● **About this exercise**
In this exercise, print only the lines of the records below from the one with "Primitive Winter Christmas" through the one with "Foto: Titi Zaadnoordijk", inclusive. Pictures are not part of the copy.

● **The input**

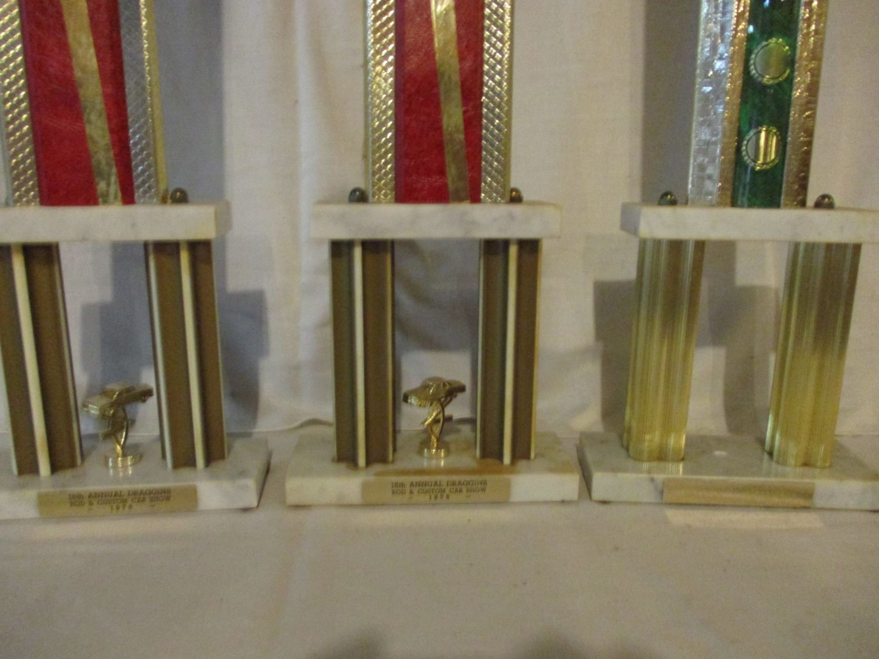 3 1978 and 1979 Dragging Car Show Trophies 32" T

==

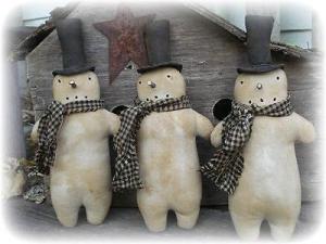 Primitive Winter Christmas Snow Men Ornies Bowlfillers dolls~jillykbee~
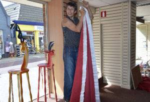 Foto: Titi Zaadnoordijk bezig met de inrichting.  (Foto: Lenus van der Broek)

● **The completed task**
 Primitive Winter Christmas Snow Men Ornies Bowlfillers dolls~jillykbee~
 Foto: Titi Zaadnoordijk bezig met de inrichting.  (Foto: Lenus van der Broek)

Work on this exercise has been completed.